→ **WORK REQUIRED**:
Go to the line below that contains "隨著各大院校陸續開學,蘭州局". From there to the end of the records, reproduce each line exactly, except the pictures.

===== RECORDS PROVIDED =====

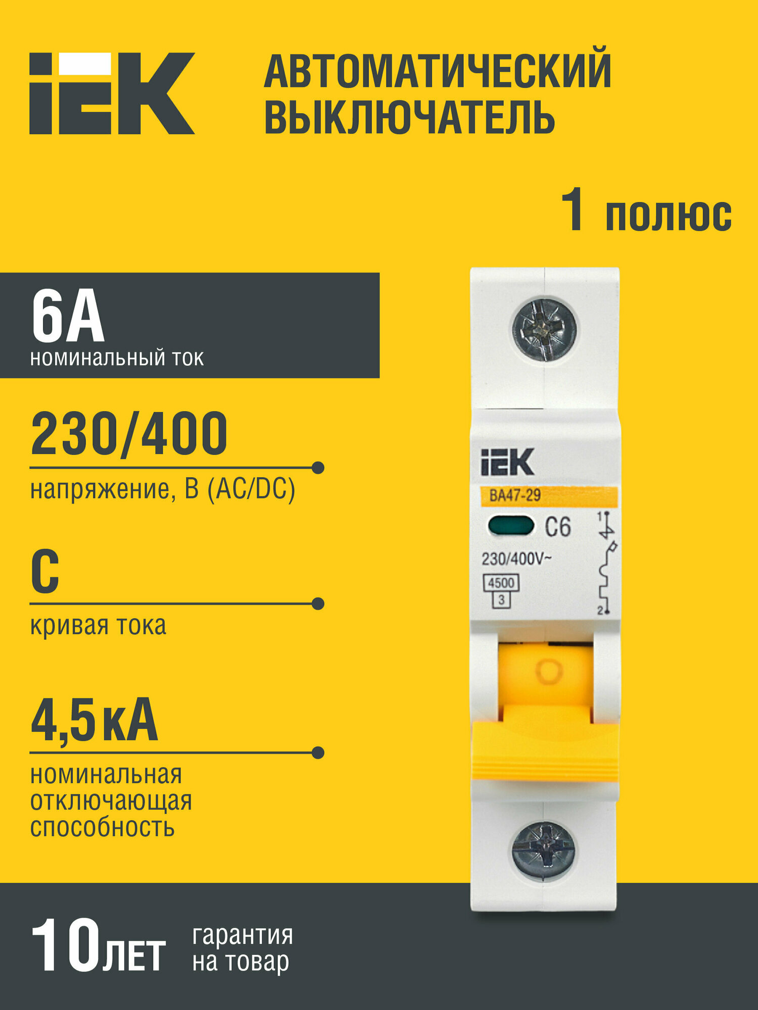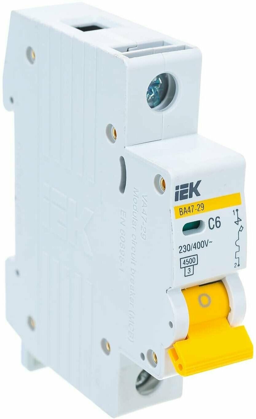 Выключатель IEK автоматический однополюсный 6А С ВА47-29, 4.5кА (арт. MVA20-1-006-C)
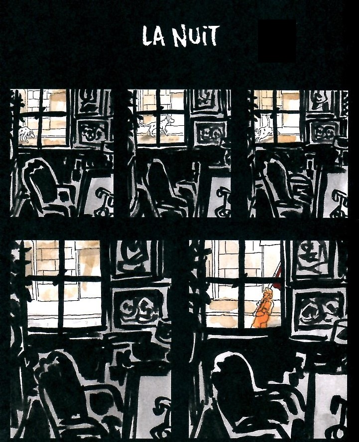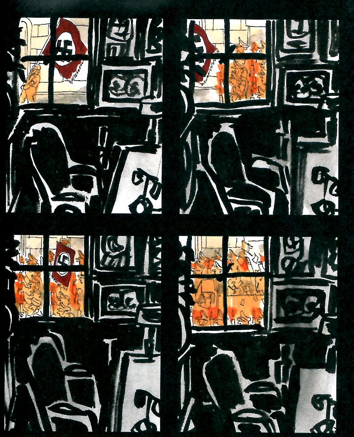 Bien que le tableau original ait été réalisé à la détrempe et de ce fait n’était pas vernis, Luz a voulu nous donner une vision du monde vue par le prisme d’un tableau comme si on voyait à travers son vernis. En découlent ses choix graphiques de la couleur directe et du lavis avec une gamme chromatique liée à l’époque : des tons désaturés où dominent le sépia, l’orangé, le brun et le vert. Et puis il y a le noir, noir des uniformes SS et surtout noir de la nuit …
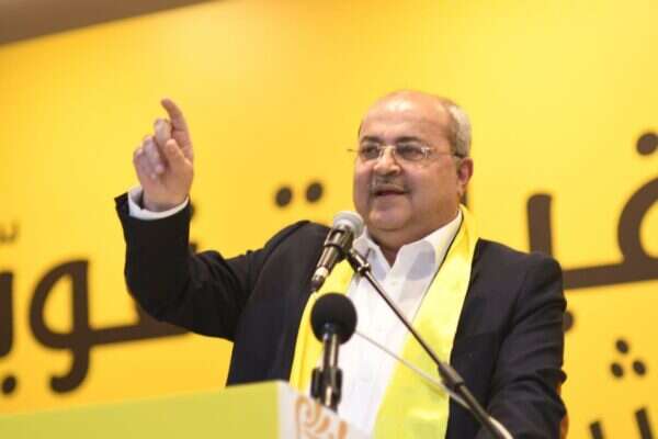 חה"כ אחמד טיבי (במרכז) בוועידת תע"ל בערערה, היום // צילום: דוברות תע"ל
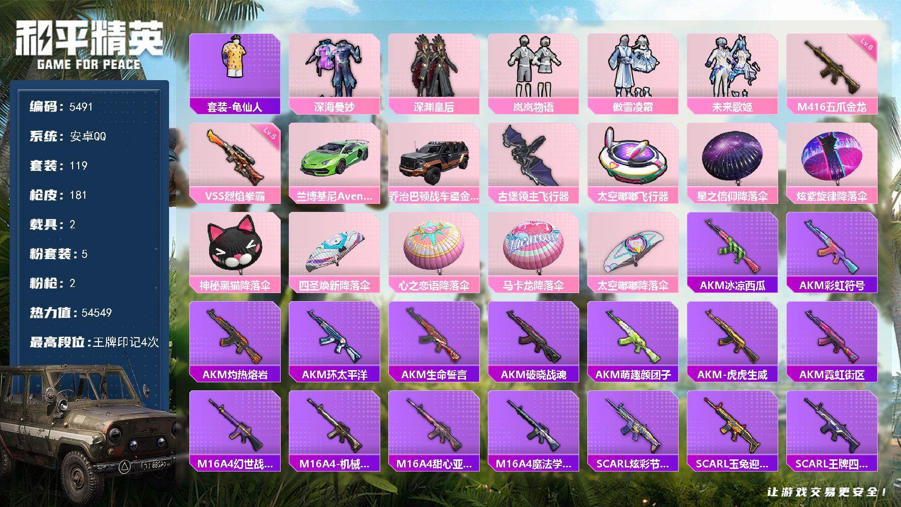 5粉装-2特效枪-2载具-2粉色飞行器-54549热力值-4王牌印记-119套装-181枪皮
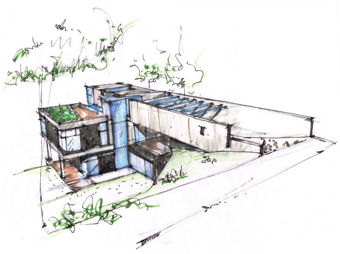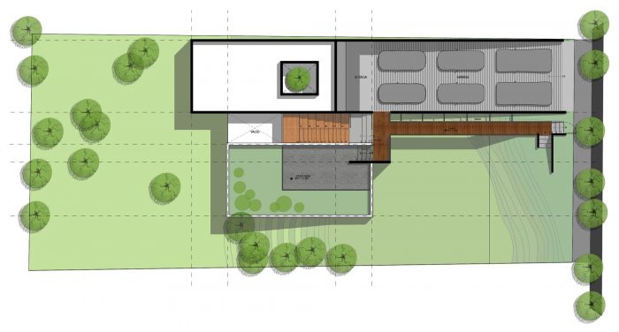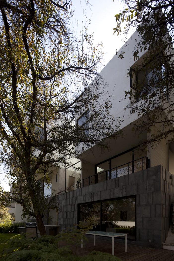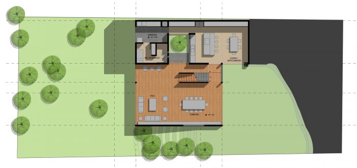 The parti questioned the typical sequence of a house, having its access in its roof to then descend into the private and social spaces of the house. A large number of trees served for tracing, framing the house and giving it more privacy.
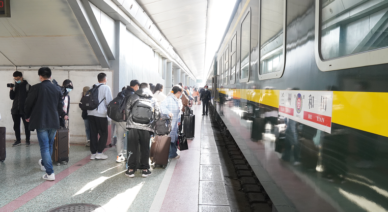 隨著各大院校陸續開學,蘭州局主動對接教育部門和各大高校,精準掌握學生返校日程,動態監控預售期內學生票預售情況。在了解到新疆和田師范專科學校有批量返校需求后,科學合理制定專列運輸保障方案,嚴格落實疫情防控措施,合理優化客運服務舉措,在進站口、安檢處、驗票閘機口增派人力,加強旅客組織引導,開辟綠色通道,減少排隊等待時間,提高進站上車效率,確保學生有序暢通出行。
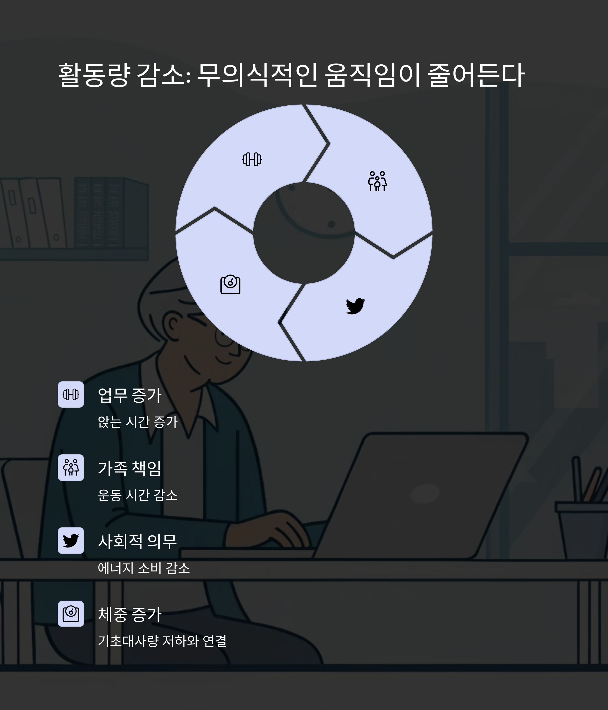 이러한 무의식적인 활동량 감소는 기초대사량 저하와 맞물려 체중 증가로 이어집니다
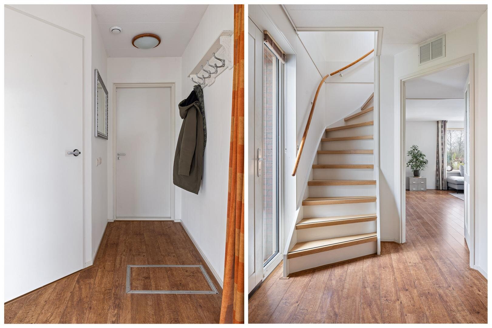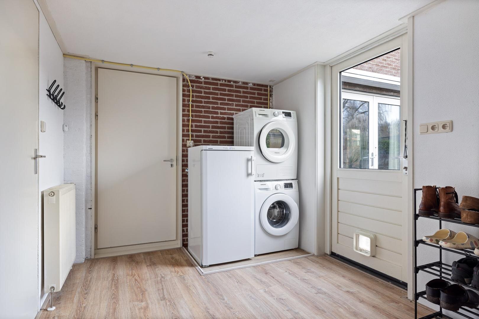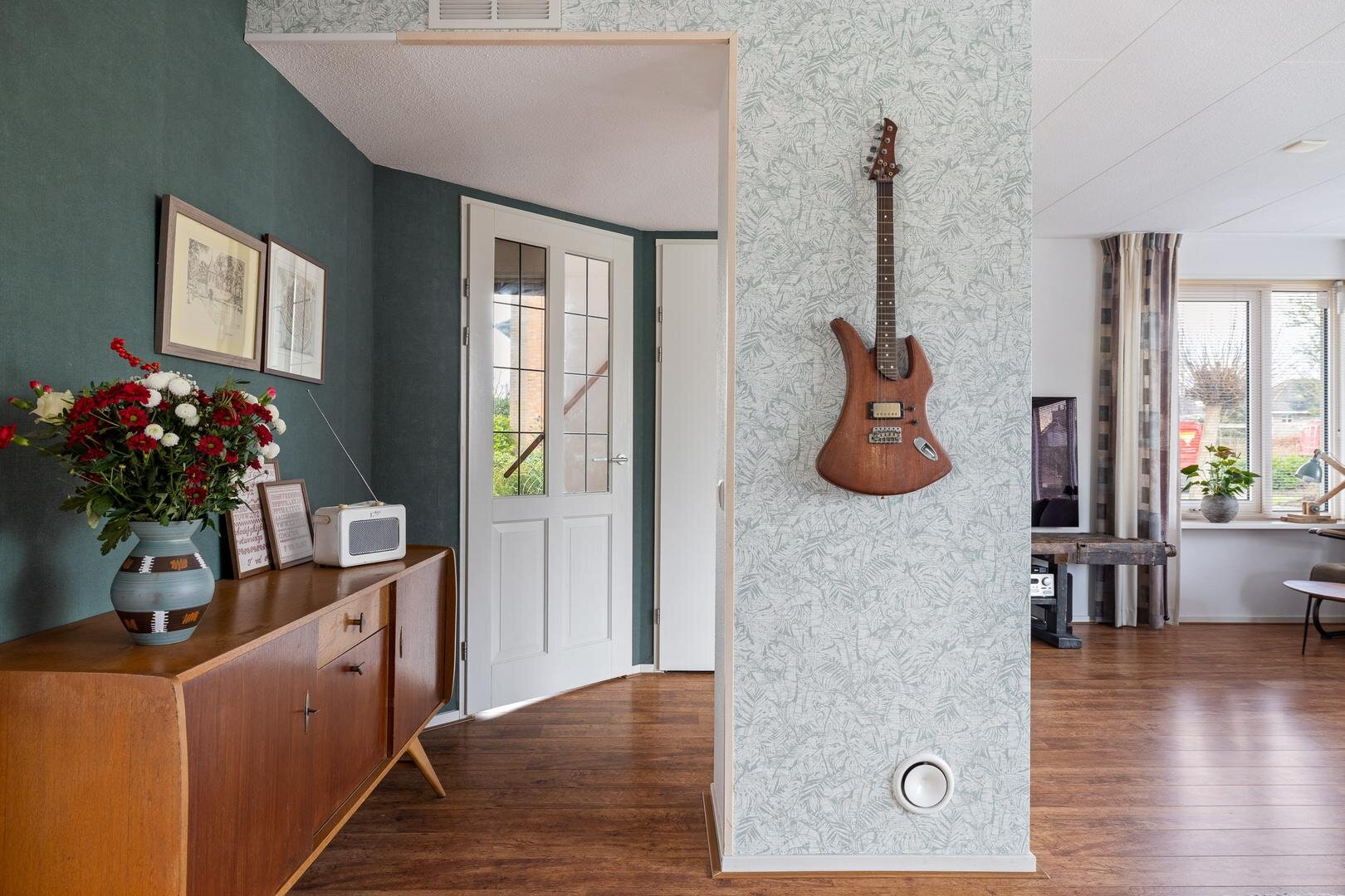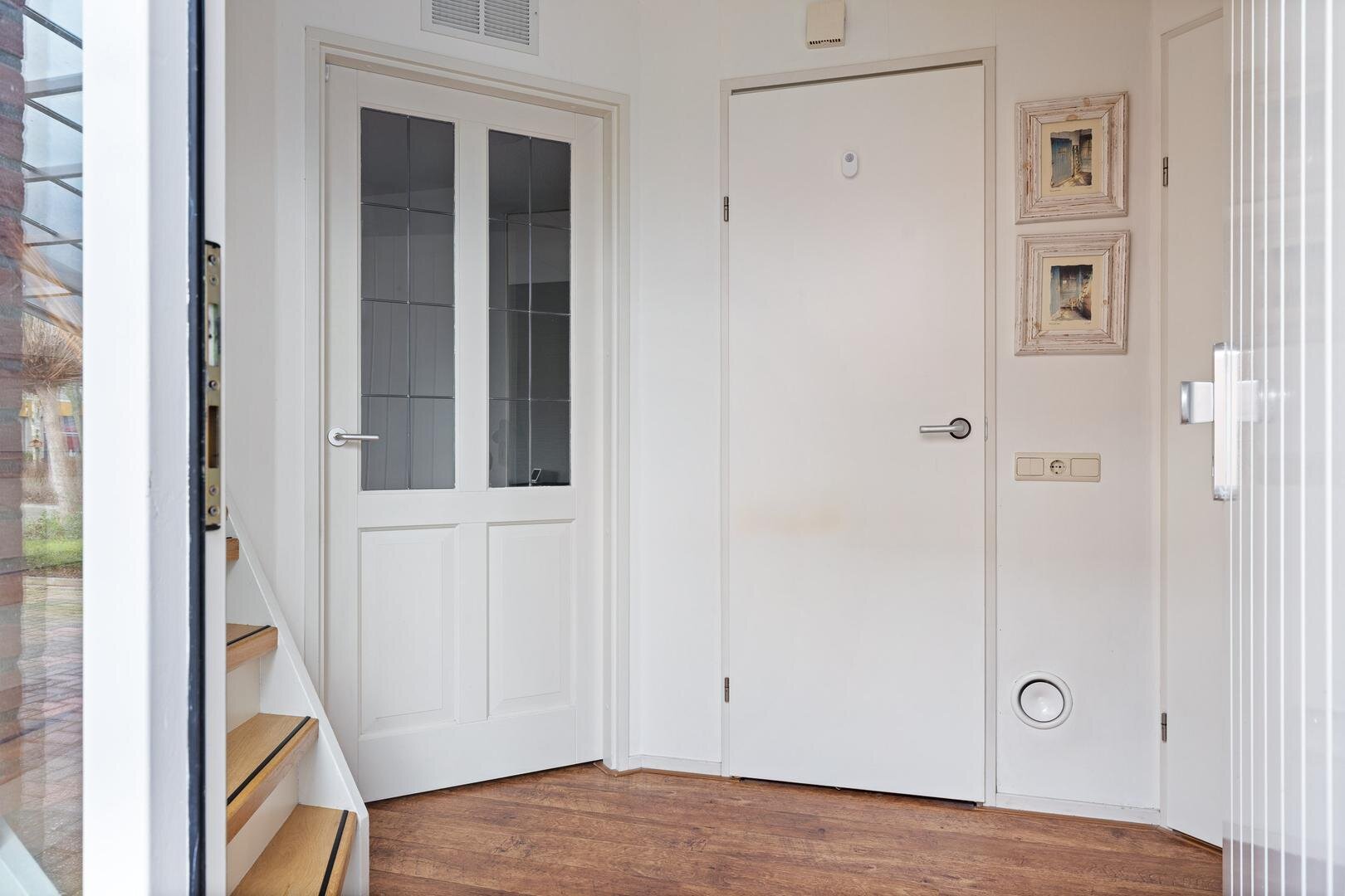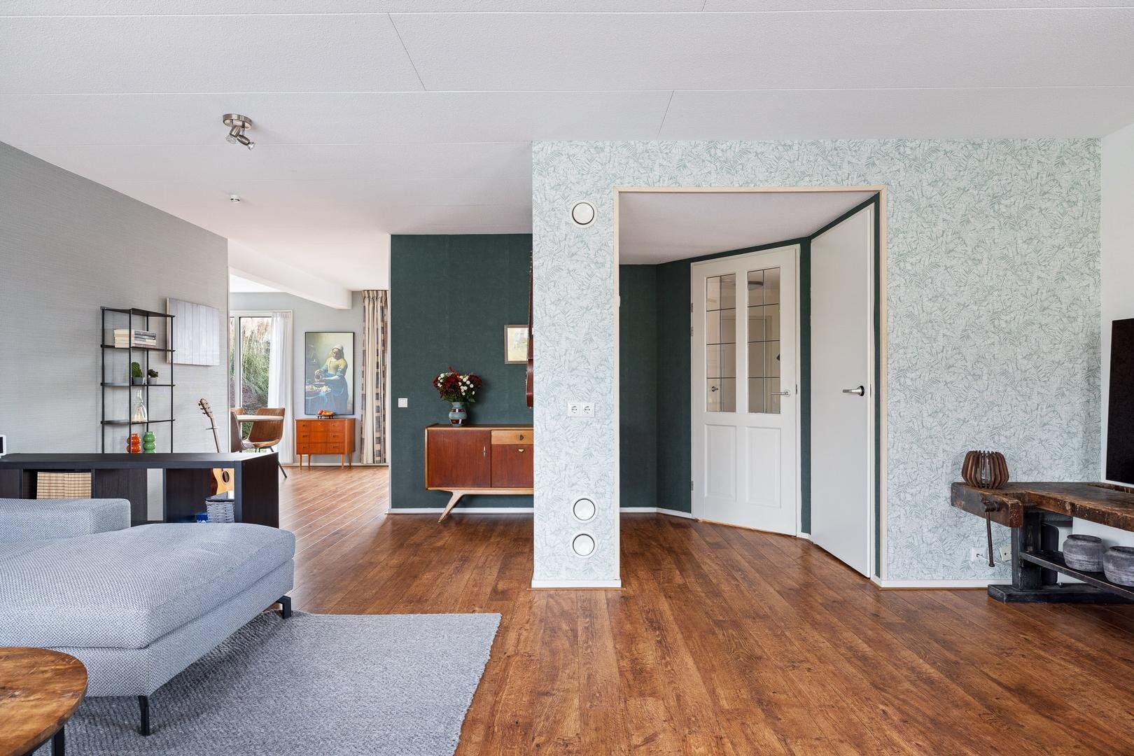 Via de zij-entree komt u in de hal met toilet (fonteintje) en mechanische ventilatie. De lichte woonkamer heeft een prettige sfeer en een nette laminaatvloer. De uitgebouwde woonkeuken beschikt over tuindeuren naar de zonnige achtertuin (west) en een moderne Bruynzeel keuken (2017) in hoekopstelling met inbouwapparatuur.

=====

→ **RESULT**:
 隨著各大院校陸續開學,蘭州局主動對接教育部門和各大高校,精準掌握學生返校日程,動態監控預售期內學生票預售情況。在了解到新疆和田師范專科學校有批量返校需求后,科學合理制定專列運輸保障方案,嚴格落實疫情防控措施,合理優化客運服務舉措,在進站口、安檢處、驗票閘機口增派人力,加強旅客組織引導,開辟綠色通道,減少排隊等待時間,提高進站上車效率,確保學生有序暢通出行。
 이러한 무의식적인 활동량 감소는 기초대사량 저하와 맞물려 체중 증가로 이어집니다
 Via de zij-entree komt u in de hal met toilet (fonteintje) en mechanische ventilatie. De lichte woonkamer heeft een prettige sfeer en een nette laminaatvloer. De uitgebouwde woonkeuken beschikt over tuindeuren naar de zonnige achtertuin (west) en een moderne Bruynzeel keuken (2017) in hoekopstelling met inbouwapparatuur.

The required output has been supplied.